Tuesday, August 27, 2013

Why fantasists should write about rape (a response to Why fantasists should not write about rape)

George Carlin said,
They'll say, "you can't joke about rape. Rape's not funny." I say, "fuck you, I think it's hilarious. How do you like that?" I can prove to you that rape is funny. Picture Porky Pig raping Elmer Fudd. See, hey why do you think they call him "Porky," eh? I know what you're going to say. "Elmer was asking for it. Elmer was coming on to Porky. Porky couldn't help himself, he got a hard- on, he got horney, he lost control, he went out of his mind." A lot of men talk like that. A lot of men think that way. They think it's the woman's fault. They like to blame the rape on the woman. Say, "she had it coming, she was wearing a short skirt." These guys think women ought to go to prison for being cock teasers. Don't seem fair to me. Don't seem right, but you can joke about it. I believe you can joke about anything. It all depends on how you construct the joke.
If I was going to keep arguing that fantasists should not write about rape, I would use Carlin's example of Porky Pig raping Elmer Fudd. The humor comes from the inappropriateness of rape in a funny-animal universe. It's like zombies eating the cast of Glee or Superman saving the day in Game of Thrones: it's funny because the choice is artistically incongruous with the kind of story that was being told.

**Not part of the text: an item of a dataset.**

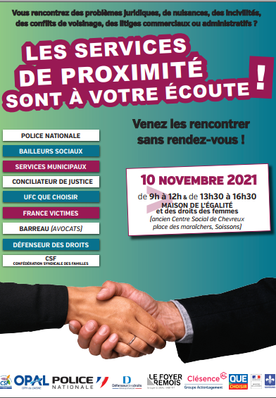 Venez à la rencontre de la police de Soissons et de ses nombreux partenaires le mercredi 10 novembre de 09H00 à 12H00 et de 13h30 à 16h30 à la Maison de l'Egalité et des droits des femmes (ancien centre social de Cheveux) - place des Maraîchers à SOISSONS.

But now I'm arguing the other side. I completely agree when he says, "You can joke about anything. It all depends on how you construct the joke." One of my favorite quotes is from Terence, the Roman playwright who had been a slave: Homo sum, humani nihil a me alienum puto. ("I am human; nothing human is alien to me.") Artists should never restrict their subjects.

Rape has been a subject in fantastical stories since The Epic of Gilgamesh. It's a brutal thing that men and women do to other men and women, so it has to be one of the things that humans write about. The challenge is to avoid the snares that catch too many writers:

1. The degree of trauma suffered by people who have been raped varies enormously, but no one shrugs it off.

2. Rape is a human problem. If a story implies that all rapists are male and their targets are female, its characters are not human. What's sexist about the Red Sonja trope is not that the female hero is raped; it's that none of her male equivalents suffer the same injustice.

I've written fantasy stories about rape and sexual abuse. I wanted to create some sympathy for a villain in my first novel, Cats Have No Lord, so, knowing that about ten percent of abused children go on to become abusers, I made her one of the broken who tries to break others. I wrote "Dream Catcher" for Terri Windling's The Armless Maiden: And Other Tales for Childhood's Survivors. I can't remember just now whether it's explicit that any of the characters in my Bordertown novels have been raped, but Bordertown is a setting where all the elements of dark fantasy may occur. That includes rape.